Review of Controls for Certain Emerging Technologies (2018) - ETHisso2017
https://www.federalregister.gov/documents/2018/11/19/2018-25221/review-of-controls-for-certain-emerging-technologies
======
catwell
I am looking at this from Europe, and when I read things like this I feel like
the US have not realized that their standing on the international scene has
changed in the last 30 years.

Most of the research and advances in the technologies listed has not been made
in the US, and even when it has it often hasn't been mostly by US nationals.

You were the country that defined globalization, and now you refuse to see the
state of the world and actively harm yourselves with protectionist decisions
like this. You have already lost business with regulations like Cloud Act, and
now China is quickly eating your share of the pie.

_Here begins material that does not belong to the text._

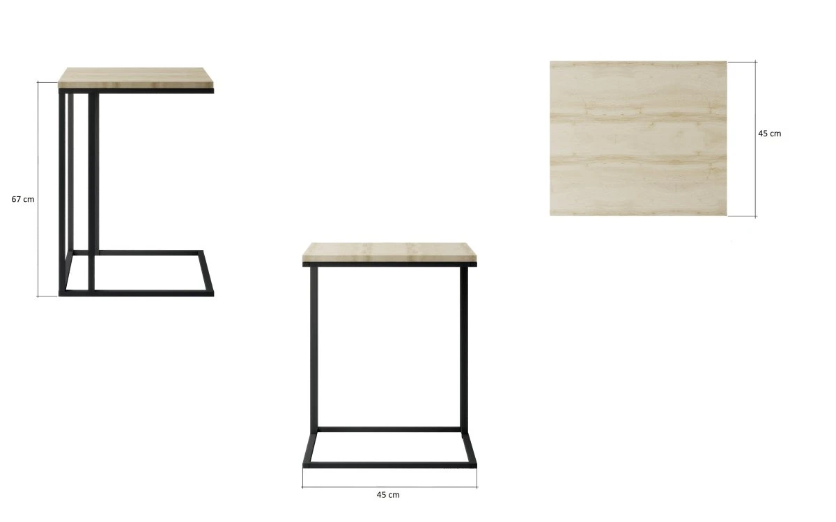 Die simple Konstruktion des Couchtisches Velio zeichnet sich durch den filigranen Stahlfuß aus. Dieser sorgt für ein leichtes Gewicht von nur 7 Kg. Durch die besondere Form lässt sich der Couchtisch nicht nur neben deinem Sofa wunderbar platzieren, sondern macht sich auch alleinstehend oder neben deinem Sessel zu einem Hingucker. Auf dem Metallgestellt liegt die 1,6 cm dicke Tischplatte mit den Maßen 45 cm x 45 cm. Der Couchtisch ist 67 cm hoch und unterscheidet sich damit zu anderen Couchtischen, die wesetlich niedriger sind.

You still have a major influence in the West because of two things: capital,
and the historical fact that the large market leaders in tech which control
distribution (Google, Apple, Microsoft) are American. Would you bet this will
still be the case 20 years from now? I wouldn't if I were you.

I know a lot of the Americans here on HN probably do not agree with a lot of
what their current government does, but still. Export controls don't work
except to cut yourselves out of entire markets abroad and foster the adoption
of competitors to your domestic companies. I don't understand how this is a
viable long-term strategy.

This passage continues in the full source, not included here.